Work required =
All lines from the one containing "Смотрю сериальчик и" through the end of the material are to be given back exactly, without pictures.

Dataset content =

■ ■ ■ ■ ■

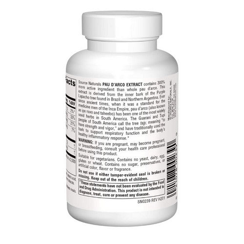 {"id":6869142241365,"title":"Source Naturals, Pau D'Arco Extract, 500 mg, 100 Tabs","handle":"pau-d-39arco-7282","description":"\u003cstrong\u003eProduct Description\u003c\/strong\u003e\u003cbr\u003e\u003cbr\u003e \u003cdiv class=\"prodDescCls\"\u003e\u003cul\u003e\u003cli\u003eConsidered as Dietary Supplement\u003c\/li\u003e\u003c\/ul\u003e\u003c\/div\u003e \u003cbr\u003e\u003cbr\u003e\u003cstrong\u003eProduct Benefits\u003c\/strong\u003e\u003cbr\u003e\n\t\u003cbr\u003e \u003cbr\u003e\u003cbr\u003e\u003cstrong\u003eIngredients\u003c\/strong\u003e\u003cbr\u003e\u003cbr\u003e \u003cdiv class=\"prodSupCls\"\u003e\u003ctable width=\"100%\" cellspacing=\"0\" cellpadding=\"3\"\u003e\n\u003ctr\u003e\u003ctd colspan=\"3\"\u003e\n\u003cstrong style=\"font-size:16px;\"\u003eSupplement Facts\u003c\/strong\u003e\u003cspan class=\"subSpan\"\u003e\u003cstrong\u003eServing Size:\u003c\/strong\u003e 2 Tablets\u003c\/span\u003e\u003cspan class=\"subSpan\"\u003e\u003cstrong\u003eServings Per Container:\u003c\/strong\u003e 50\u003c\/span\u003e\n\u003c\/td\u003e\u003c\/tr\u003e\n\u003ctr\u003e\n\u003ctd width=\"70%\"\u003e \u003c\/td\u003e\n\u003ctd width=\"15%\"\u003e\u003cstrong\u003eAmount Per Serving\u003c\/strong\u003e\u003c\/td\u003e\n\u003ctd width=\"15%\"\u003e\u003cstrong\u003e%DV\u003c\/strong\u003e\u003c\/td\u003e\n\u003c\/tr\u003e\n\u003ctr\u003e\n\u003ctd\u003eDietary Fiber\u003c\/td\u003e\n\u003ctd\u003e1 g\u003c\/td\u003e\n\u003ctd\u003e4%*\u003c\/td\u003e\n\u003c\/tr\u003e\n\u003ctr\u003e\n\u003ctd\u003eVitamin A (beta-carotene)\u003c\/td\u003e\n\u003ctd\u003e1,000 IU\u003c\/td\u003e\n\u003ctd\u003e20%\u003c\/td\u003e\n\u003c\/tr\u003e\n\u003ctr\u003e\n\u003ctd\u003eVitamin C (as ascorbic acid)\u003c\/td\u003e\n\u003ctd\u003e20 mg\u003c\/td\u003e\n\u003ctd\u003e34%\u003c\/td\u003e\n\u003c\/tr\u003e\n\u003ctr\u003e\n\u003ctd\u003eCalcium\u003c\/td\u003e\n\u003ctd\u003e96 mg\u003c\/td\u003e\n\u003ctd\u003e10%\u003c\/td\u003e\n\u003c\/tr\u003e\n\u003ctr\u003e\n\u003ctd\u003ePau D'Arco Bark Extract (3:1)\u003c\/td\u003e\n\u003ctd\u003e1 g\u003c\/td\u003e\n\u003ctd\u003e†\u003c\/td\u003e\n\u003c\/tr\u003e\n\u003ctr\u003e\n\u003ctd\u003ePau D'Arco (Inner) Bark\u003c\/td\u003e\n\u003ctd\u003e50 mg\u003c\/td\u003e\n\u003ctd\u003e†\u003c\/td\u003e\n\u003c\/tr\u003e\n\u003ctr\u003e\u003ctd colspan=\"3\"\u003e*Percent Daily Values (%DV) are based on a 2,000 calorie diet. \u003cbr\u003e†Daily Value not established.\u003c\/td\u003e\u003c\/tr\u003e\n\u003ctr\u003e\u003ctd colspan=\"3\"\u003e\n\u003cb\u003eOther Ingredients\u003c\/b\u003e\u003cdiv class=\"prodIngCls\"\u003e\n\u003cp\u003eDibasic calcium phosphate, stearic acid, colloidal silicon dioxide, modified cellulose gum and magnesium stearate.\u003c\/p\u003e\n\u003cp\u003eContains soy.\u003c\/p\u003e\n\u003cp\u003eSuitable for vegetarians. Contains no yeast, dairy, egg, gluten or wheat. Contains no sugar, starch, salt, preservatives, or artificial color, flavor or fragrance.\u003c\/p\u003e\n\u003c\/div\u003e\n\u003c\/td\u003e\u003c\/tr\u003e\n\u003c\/table\u003e\u003c\/div\u003e\n\t\u003cbr\u003e\u003cbr\u003e\u003cstrong\u003eSuggestions\u003c\/strong\u003e\u003cbr\u003e\u003cbr\u003e \u003cdiv class=\"prodDescCls\"\u003e\n\u003cp\u003e1 to 2 tablets twice daily between meals.\u003c\/p\u003e \u003c\/div\u003e \u003cbr\u003e\u003cbr\u003e\u003cstrong\u003eSpecial Note\u003c\/strong\u003e\u003cbr\u003e\u003cbr\u003e\n\tNA\n\t\u003cbr\u003e\u003cbr\u003e\u003cstrong\u003eWarnings\u003c\/strong\u003e\u003cbr\u003e\u003cbr\u003e \u003cdiv class=\"prodDescCls\"\u003e\n\u003cp\u003eIf you are pregnant, may become pregnant, or breastfeeding, consult your health care professional before using this product.\u003c\/p\u003e\n\u003cp\u003eDo not use if either tamper-evident seal is broken or missing. Keep out of the reach of children.\u003c\/p\u003e\n\u003c\/div\u003e\u003cdiv class=\"prodEmtCls\"\u003e\u003c\/div\u003e \u003cbr\u003e\u003cbr\u003e\u003cstrong\u003eCalifornia Proposition 65 WARNING\u003c\/strong\u003e\u003cbr\u003e\u003cbr\u003eSome products on this website contains progesterone, a chemical known to the State of California to cause cancer. Consult with your physician before using this product.\u003cbr\u003e\u003cbr\u003e\u003cstrong\u003eDisclaimer\u003c\/strong\u003e\u003cbr\u003e\u003cbr\u003eHerbsdaily.com offers\n\t\t\t\t\t\t\t\tnationally branded products that are produced according to manufacturing standards\n\t\t\t\t\t\t\t\tset by regulators at everyday low prices. Do not use unproven, unbranded products, which can pose serious risks to your health.","published_at":"2022-11-02T10:00:32-07:00","created_at":"2022-11-02T10:00:33-07:00","vendor":"Source Naturals","type":"Candida Remedies","tags":["Brand_Source Naturals","CandidaRemedies","Digestion","mapped_vendor_product","restricted_on_marketplace","VitaminsSupplements"],"price":1085,"price_min":1085,"price_max":1085,"available":true,"price_varies":false,"compare_at_price":1550,"compare_at_price_min":1550,"compare_at_price_max":1550,"compare_at_price_varies":false,"variants":[{"id":40401968300117,"title":"Default Title","option1":"Default Title","option2":null,"option3":null,"sku":"17366","requires_shipping":true,"taxable":true,"featured_image":null,"available":true,"name":"Source Naturals, Pau D'Arco Extract, 500 mg, 100 Tabs","public_title":null,"options":["Default Title"],"price":1085,"weight":145,"compare_at_price":1550,"inventory_management":"shopify","barcode":"021078002390","requires_selling_plan":false,"selling_plan_allocations":[],"quantity_rule":{"min":1,"max":null,"increment":1}}],"images":["\/\/www.herbsdaily.com\/cdn\/shop\/files\/7282_cd66fb01-43f0-41d1-a54e-9919650cc7b5.jpg?v=1751281325","\/\/www.herbsdaily.com\/cdn\/shop\/files\/7282_1.jpg?v=1751281325","\/\/www.herbsdaily.com\/cdn\/shop\/files\/7282_2.jpg?v=1751281325"],"featured_image":"\/\/www.herbsdaily.com\/cdn\/shop\/files\/7282_cd66fb01-43f0-41d1-a54e-9919650cc7b5.jpg?v=1751281325","options":["Title"],"media":
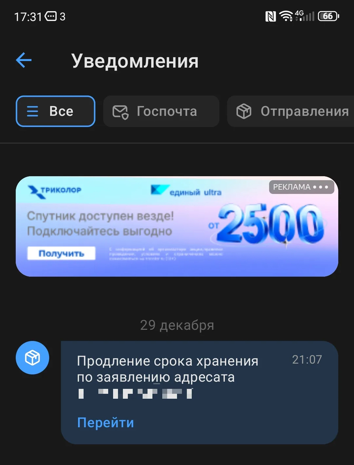 Смотрю сериальчик и слышу: пришло уведомление, ваш заказ продлён еще на 7 дней... по заявлению адресата.
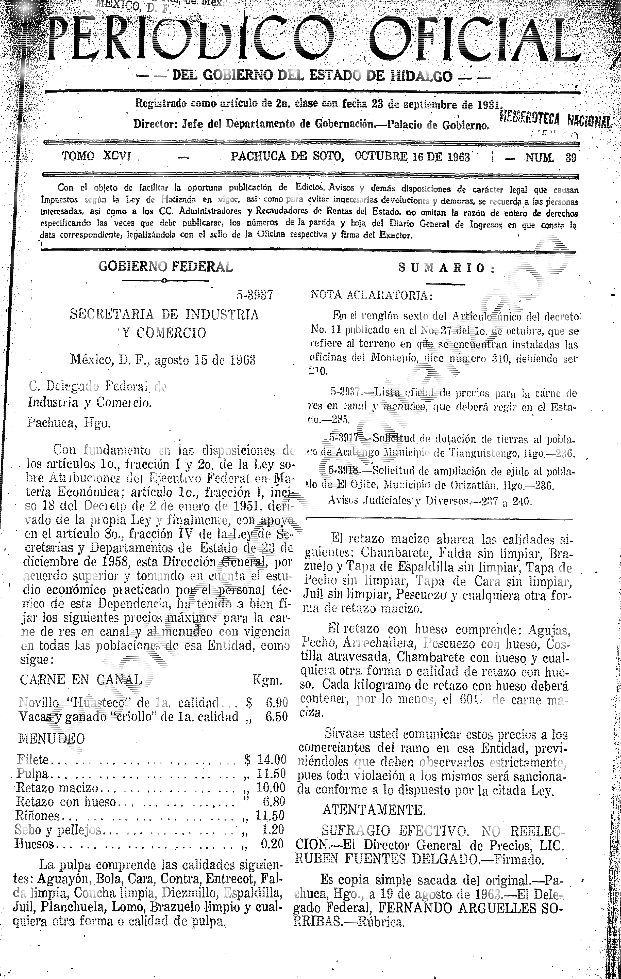 Descargar Periódico Oficial Ordinario 0 del 16 de octubre de 1963
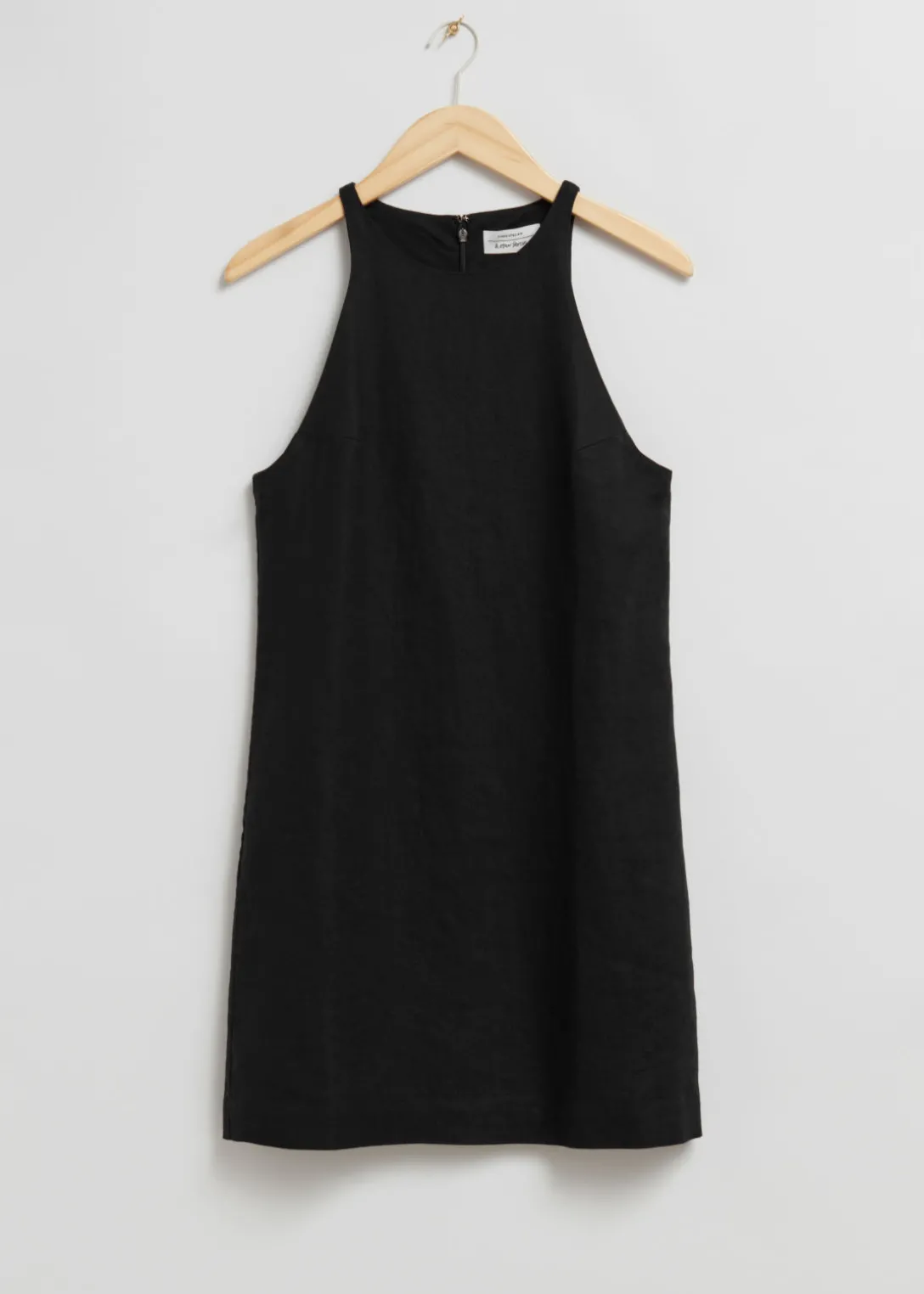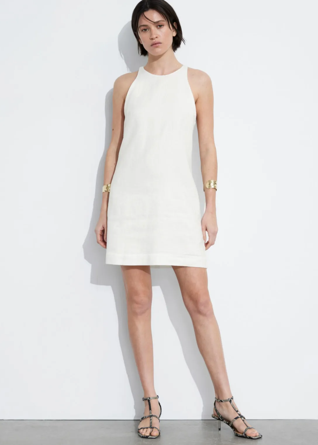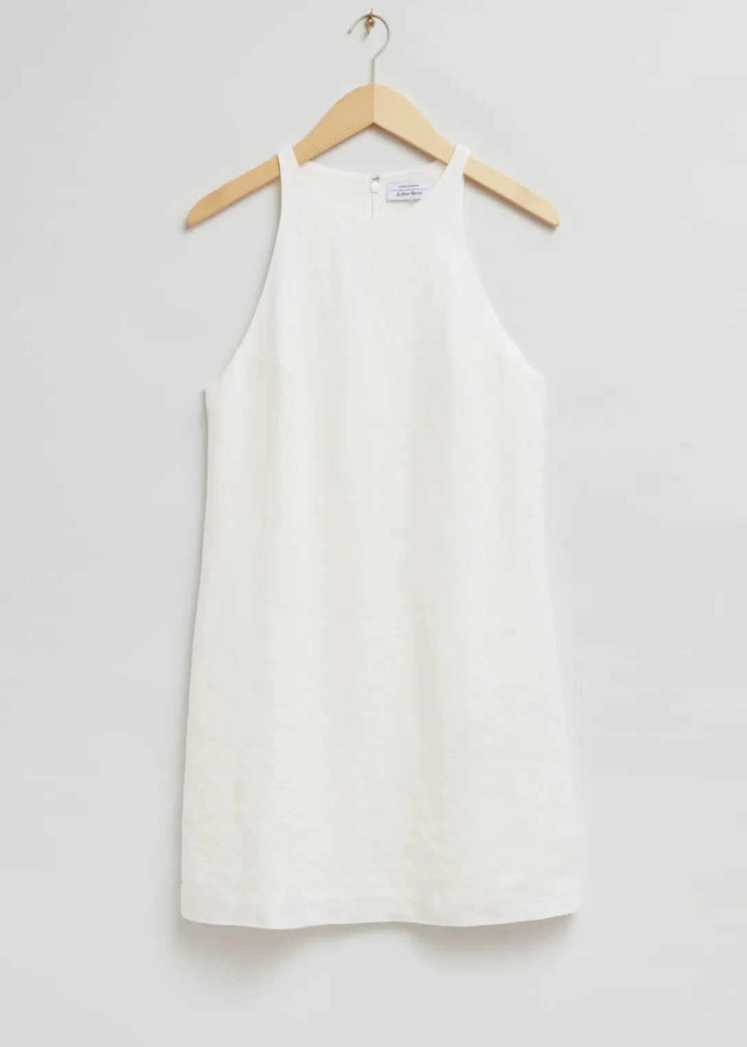 Robe trapèze courte en lin à col rond. Dotée d’une silhouette minimaliste, d’une fermeture invisible au centre dans le dos et de coutures sur toute la longueur.

■ ■ ■ ■ ■

Expected answer =
 Смотрю сериальчик и слышу: пришло уведомление, ваш заказ продлён еще на 7 дней... по заявлению адресата.
 Descargar Periódico Oficial Ordinario 0 del 16 de octubre de 1963
 Robe trapèze courte en lin à col rond. Dotée d’une silhouette minimaliste, d’une fermeture invisible au centre dans le dos et de coutures sur toute la longueur.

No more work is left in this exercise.